El niño no vestía ningún disfraz, pero si llevaba consigo una bolsa repleta de algo que yo deduje eran dulces. Era muy delgado, bajito, no tendría más de 13 años y se notaba muy cansado.

El niño tenía sed. Con mucha amabilidad me había pedido un vaso de agua, explico que venia de muy lejos y ansiaba refrescarse antes de seguir su camino.Como veía en el un reflejo de mi hijo en su juventud, no pude soportar las ganas de invitarlo a descansar en el sofá unos minutos mientras yo iba a por el agua.

El chico entro sin ningún atisbo de incomodidad, fue directo al sofá en el que yo acostumbro sentarme a leer, el cual, admito, posicione inspirada en un viejo cliché, frente a una chimenea coronada con una gran pintura, obsequio de una gran amiga, fallecida hace pocos años, a lado del sofá una mesita en la que acostumbro dejar el libro en turno, espacio ahora ocupado por “El Wendingo”.

El niño se veía imponente en ese lugar, las sombras creadas por las llamas de la chimenea vibraban sobre su rostro a causa del viento que se colaba por la puerta que me había olvidado de cerrar.
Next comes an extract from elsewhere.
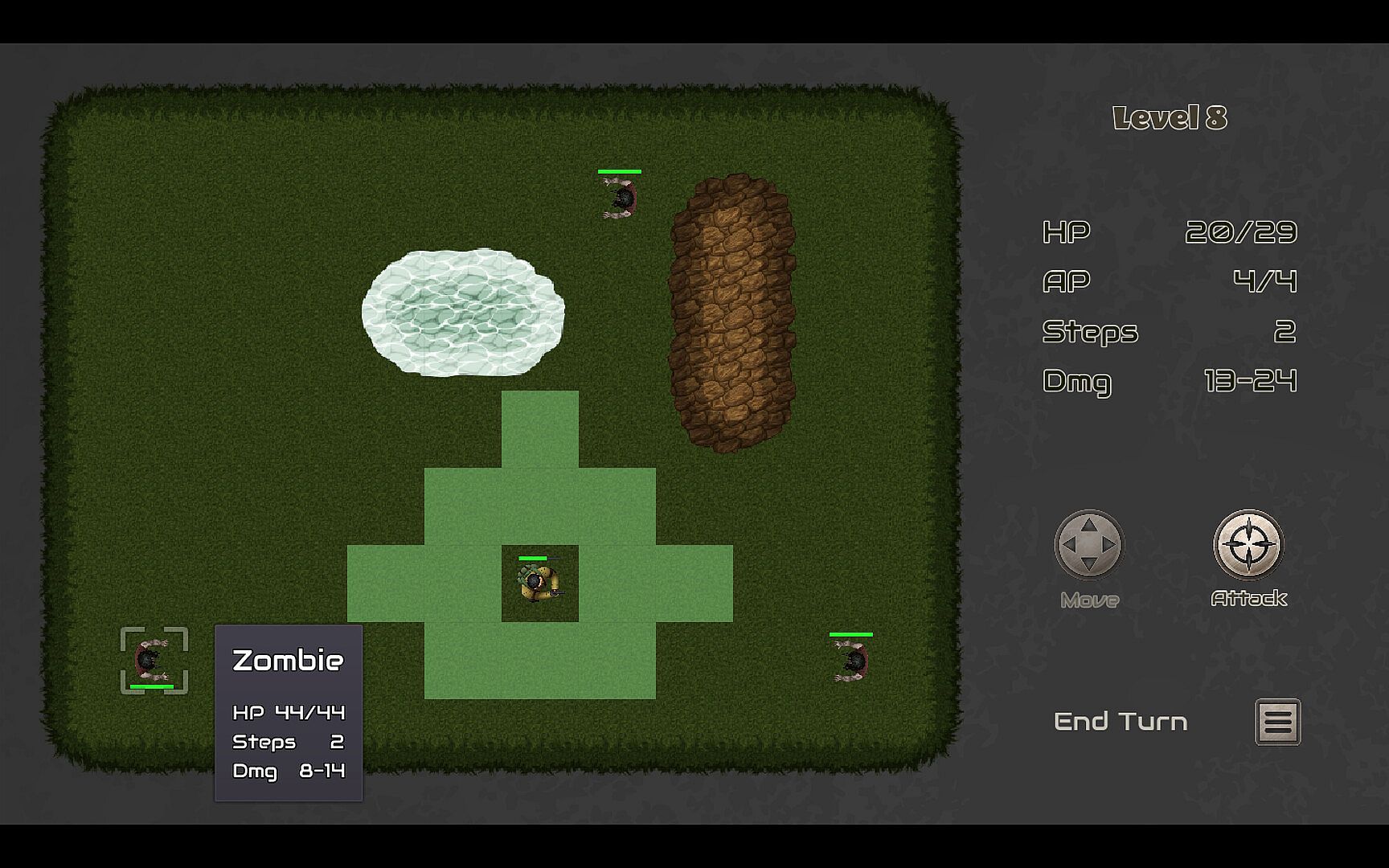 Step into a world overrun by the undead in this gripping turn-based tactical roguelike. As a survivor, you'll fight off groups of zombies using different weapons in strategically intense, fast-paced battles. Every victory brings the chance to choose reward that will enhance your character's abilities. Each level becomes progressively harder, pushing your tactical skills to the limit. Can you outsmart the undead and emerge victorious in this thrilling fight for survival?

Un suave crepitar susurraba en toda la casa, el cual se fundió con su aguda voz cantarina. —Ese libro, lo leí una vez, pero a mis padres no les agradaba la idea de que me gustasen esa clase de cosas, decían que me provocaban pesadillas, pero no era cierto, bueno si, tenia pesadillas pero no era por eso, teníamos poco de habernos mudado, y muy cerca de nuestra nueva casa había un pequeño bosque, algo de ese lugar me mantenía despierto y cuando lograba dormir ese algo me acompañaba en mis sueños.